#### WORK REQUEST:
Repeat the listing exactly as given, omitting every image.

#### GIVEN INFORMATION:
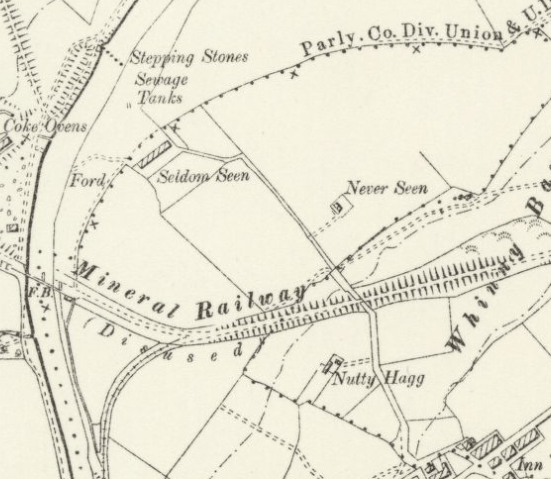 So began an adventure. What was a blank on a current map turned out to be a large inhospitable marshland, well overgrown. I took the path from Newfield to Willington, passing the remains of ‘Nutty Hag’ farm, and paused to look for ‘Never Seen’ farm remains, but they were not to be seen. After some searching I finally came across the remains of Seldom Scene, hidden and overgrown by hawthorn bushes and brambles. From his work among, at the time 600 men and boys, William and James must have returned to this quiet hidden place each day.
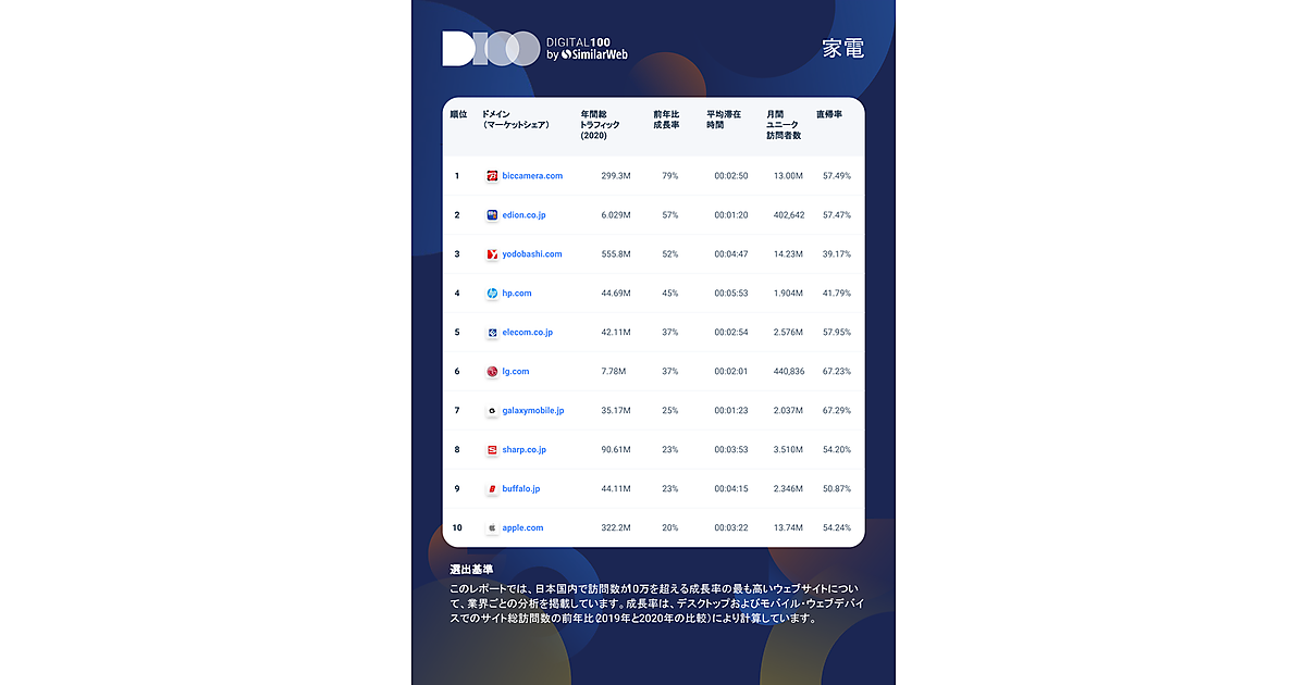 「Digital 100」は、国以内主要産業のサイト(年間訪問数10万以上)について、デスクトップならびにモバイルデバイスでのサイト総訪問数が、前年比(2019年対2020年)でもっとも大きいサイト100(10の業界カテゴリのトップ10)を、SimilarWebのデータに基づき選出している。
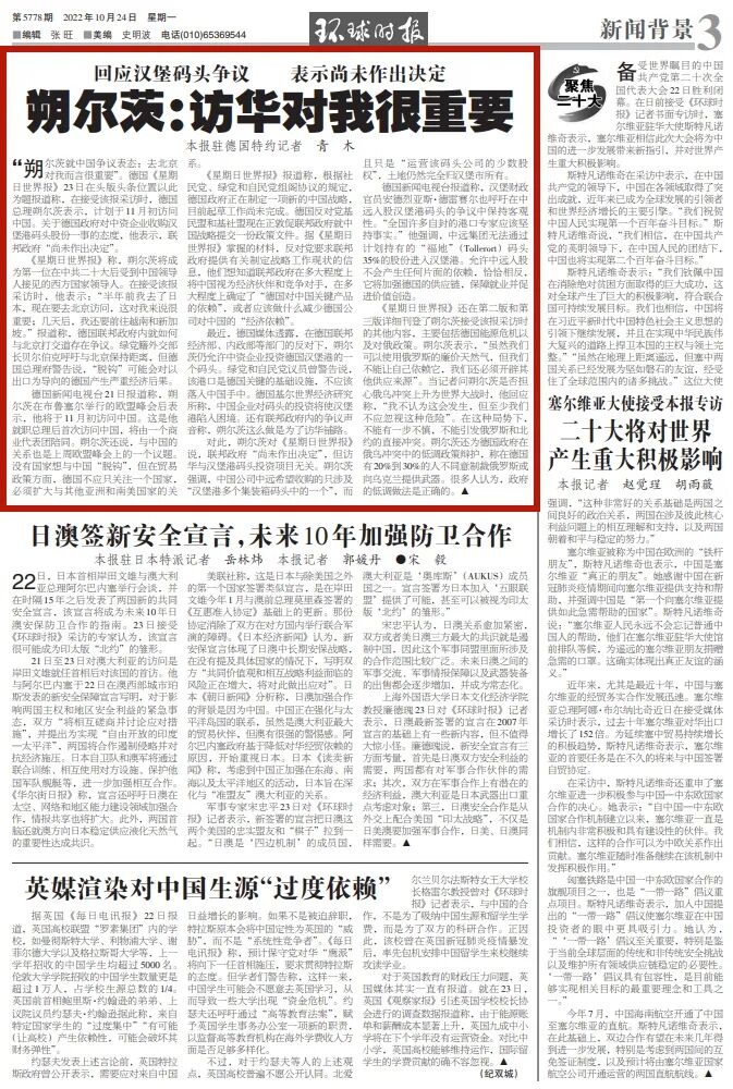 “朔尔茨就中国争议表态:去北京对我而言很重要”。德国《星期日世界报》23日在头版头条位置以此为题报道称,在接受该报采访时,德国总理朔尔茨表示,计划于11月初访问中国。关于德国政府对中资企业收购汉堡港码头股份一事的态度,他表示,联邦政府“尚未作出决定”。

#### TASK RESULT:
 So began an adventure. What was a blank on a current map turned out to be a large inhospitable marshland, well overgrown. I took the path from Newfield to Willington, passing the remains of ‘Nutty Hag’ farm, and paused to look for ‘Never Seen’ farm remains, but they were not to be seen. After some searching I finally came across the remains of Seldom Scene, hidden and overgrown by hawthorn bushes and brambles. From his work among, at the time 600 men and boys, William and James must have returned to this quiet hidden place each day.
 「Digital 100」は、国以内主要産業のサイト(年間訪問数10万以上)について、デスクトップならびにモバイルデバイスでのサイト総訪問数が、前年比(2019年対2020年)でもっとも大きいサイト100(10の業界カテゴリのトップ10)を、SimilarWebのデータに基づき選出している。
 “朔尔茨就中国争议表态:去北京对我而言很重要”。德国《星期日世界报》23日在头版头条位置以此为题报道称,在接受该报采访时,德国总理朔尔茨表示,计划于11月初访问中国。关于德国政府对中资企业收购汉堡港码头股份一事的态度,他表示,联邦政府“尚未作出决定”。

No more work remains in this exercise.